Key Points:
- VICTORIA and VICTOR and were randomized trials that evaluated vericiguat versus placebo in HFrEF patients with and without recent decompensation, respectively.
- This pre-specified pooled analysis of over 11,000 VICTOR and VICTORIA participants found that vericiguat reduced all-cause mortality, cardiovascular (CV) death, and heart failure (HF) hospitalizations.
- This benefit was most pronounced among those with a BNP ≤ 6000 pg/mL, a unique observation among HF drugs which warrants further research.

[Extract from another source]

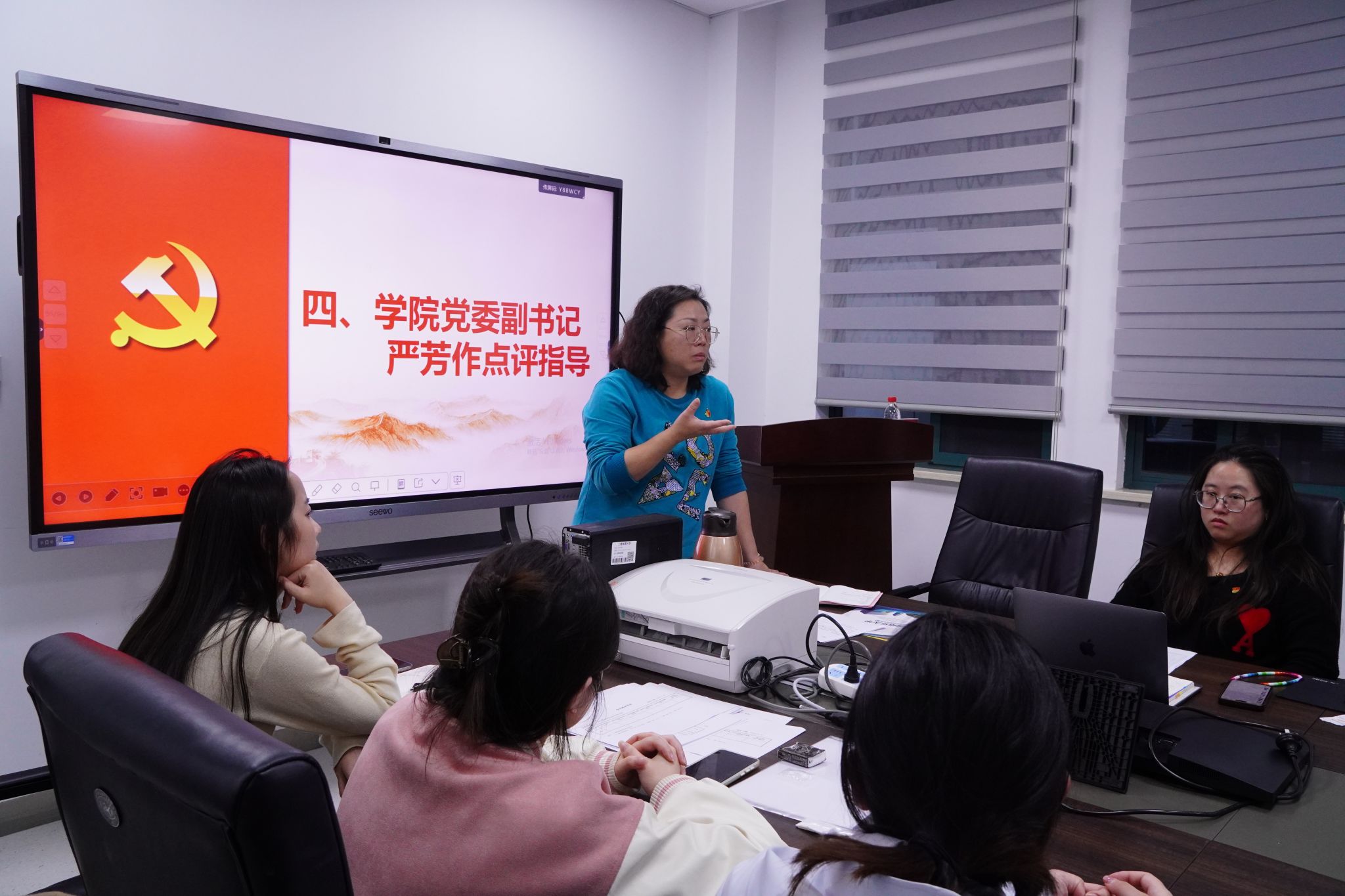 最后,学院党委副书记严芳对本次会议进行了总结点评。她充分肯定了支部过去一年取得的工作成果,并对存在的不足及改进的方向进行了探讨,对大家在校园日常行为规范、先锋模范作用发挥等方面,提出了明确要求。她希望全体党员能够认真检视问题、认真整改,以此次组织生活会为契机,加强反思与互相督促,共同进步,在不断锤炼党性的同时,提升责任意识和担当能力,努力成长为更优秀的共产党员。

The VICTORIA trial found that vericiguat decreased the risk of CV death or HF hospitalization in HFrEF patients with a recent decompensation, leading to the FDA approval for vericiguat for this indication in 2021. More recently, the VICTOR trial assessed vericiguat in stable, ambulatory HFrEF patients without a recent hospitalization or need for intravenous diuresis. Although VICTOR did not meet its primary endpoint of CV death or HF hospitalization, it showed a significant reduction in CV death and worsening heart failure events, as well as reductions in sudden cardiac death, HF-related death, and all-cause death with vericiguat. This raises questions about the role of vericiguat across the full spectrum of HFrEF severity.
On August 30th 2025 the results of a pre-specified patient-level pooled analysis of the VICTOR and VICTORIA trials were presented at the European Society of Cardiology Congress in Madrid, Spain. The purpose of this analysis was to assess the overall efficacy and safety of vericiguat and explore heterogeneity of treatment effects.
Overall, 11,115 participants from VICTOR and VICTORIA were included. The mean age was 68 years, 24% were female, 65% were white, and the mean ejection fraction was 30%. About one-quarter had no prior HF hospitalization, and the majority of patients had ischemic cardiomyopathy. Background GDMT was robust across both trials.
Vericiguat was associated with a significant reduction in the risk of the primary composite of CV death or HF hospitalization (HR 0.91 [95% CI 0.85-0.98]; p= 0.009) as well as CV death (HR 0.89 [95% CI 0.80-0.98]; p= 0.02), with treatment effects emerging at approximately 4 months and 8 months, respectively. Vericiguat also significantly reduced the risk of HF hospitalization (HR 0.92 [95% CI 0.84-1.00]; p= 0.04) and all-cause death (HR 0.90 [95% CI 0.82-0.99]; p= 0.03).
There was no evidence of treatment by trial interaction. The only heterogenous treatment effect identified was for baseline NT-proBNP level: benefits appeared to be concentrated among those with baseline levels ≤ 6000 pg/mL. It should be noted that this threshold was used as an exclusion criteria in VICTOR based on a similar signal in VICTORIA. This interaction has not been observed with other HF drugs, though baseline levels were not routinely measured in older trials.
Dr. Javed Butler MD, MPH, MBA of the University and Mississippi and Baylor Scott and White Health, concluded: “Vericiguat’s benefit on clinical outcomes and favorable tolerability and safety profile offers an additional therapeutic option for the management of patients across the spectrum of HFrEF.”